= Nita Patel (engineer) =

American electrical engineer

Nita Kantilal Patel is an American electrical engineer, the 2023 president of the IEEE Computer Society. She works for Otis Worldwide as senior director of engineering for the Lead Design Center–Farmington, where her work involves the development of internet of things platforms.

==Education and career==
Patel comes from a family of physicians and businesspeople; she has described herself as the "black sheep of the family" for pursuing engineering instead. She was a student at Southern Methodist University, where she earned bachelor's degrees in mathematics and electrical engineering in 1995, and a master's degree in computer engineering in 1998.

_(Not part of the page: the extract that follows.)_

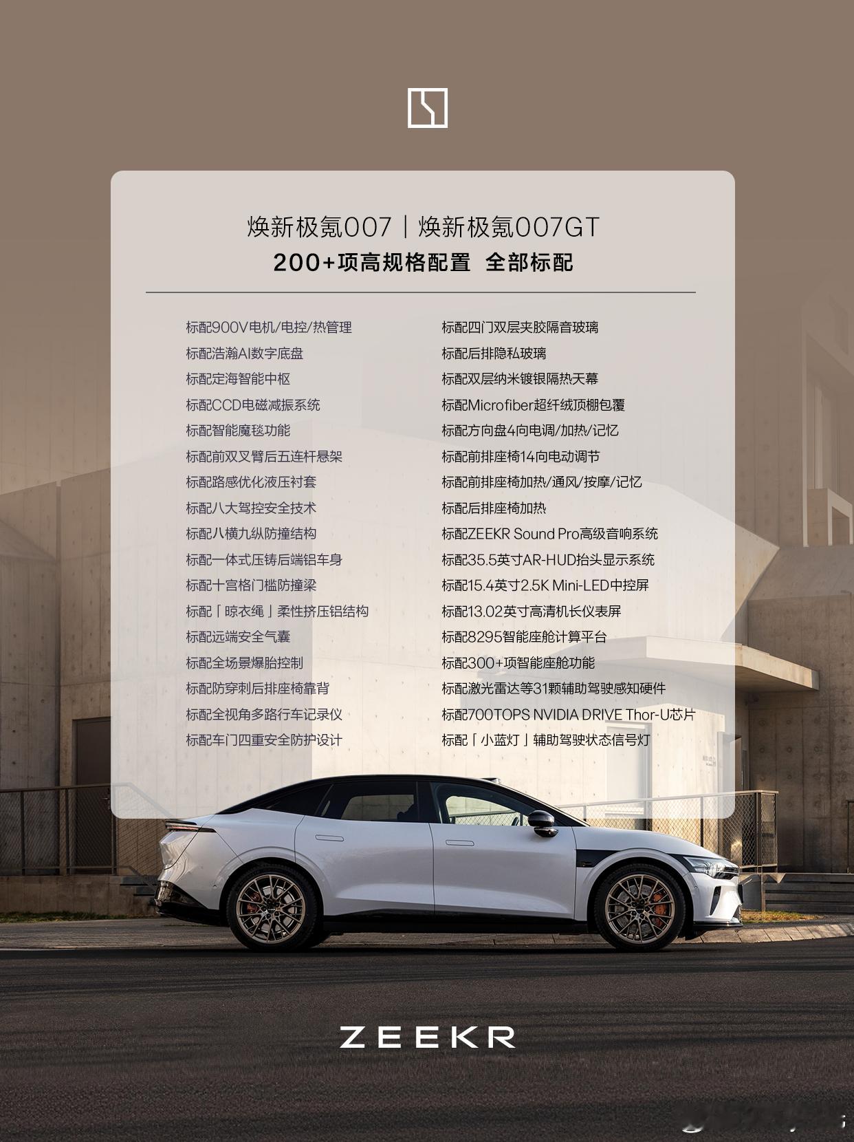 极氪焕新7系正式上市了,007和007GT上市权益后限时价都是19.39万-23.39万。升级到900V高压平台后整个硬件底子变了:007零百快至2.73秒,007GT四驱2.85秒;103度麒麟电池+6C超快充,10%-80%快至10分钟;浩瀚AI数字底盘+闭式空悬+CCD电磁减振,操控和舒适都往上拉了一档!全系标配激光雷达+31颗感知硬件,“公路坦氪”继续加码007GT依然是超能装的性能车,645L后备厢拓展到1737L,车顶承重150kg,还有1.6吨电动拖车钩。通勤、露营、滑雪一台全搞定。20万级这个综合实力,值得认真看看。一秒看透极氪安全黑科技极氪更强7系更强GT

Before working for Otis, she worked in Texas on Bradley Fighting Vehicle systems for Texas Instruments, in Oklahoma on NEXRAD weather radar technology for RS Information Systems, and in New Hampshire on long-wave infrared military imaging for L3 Insight Technology.

==Personal life==
Patel married Alex Relyea, whom she met when both were students at Southern Methodist. Both Patel and Relyea are active in organizing chess tournaments, and Patel is listed as a national chess arbiter by FIDE. She is also active in Toastmasters International.

==Recognition==
Patel was named New Hampshire Engineer of the Year in 2011 by the New
Hampshire engineering societies. She was the 2014 recipient of the IEEE Member and Geographic Activities Larry K. Wilson Transnational Award, "for distinguished contributions to IEEE global activities through the creation, development, and implementation of the inaugural IEEE Women in Engineering International Leadership Conference, a comprehensive, multi-year strategic business plan, and for expanding the global reach of the IEEE Women in Engineering mission to inspire, engage, and advance women in technology".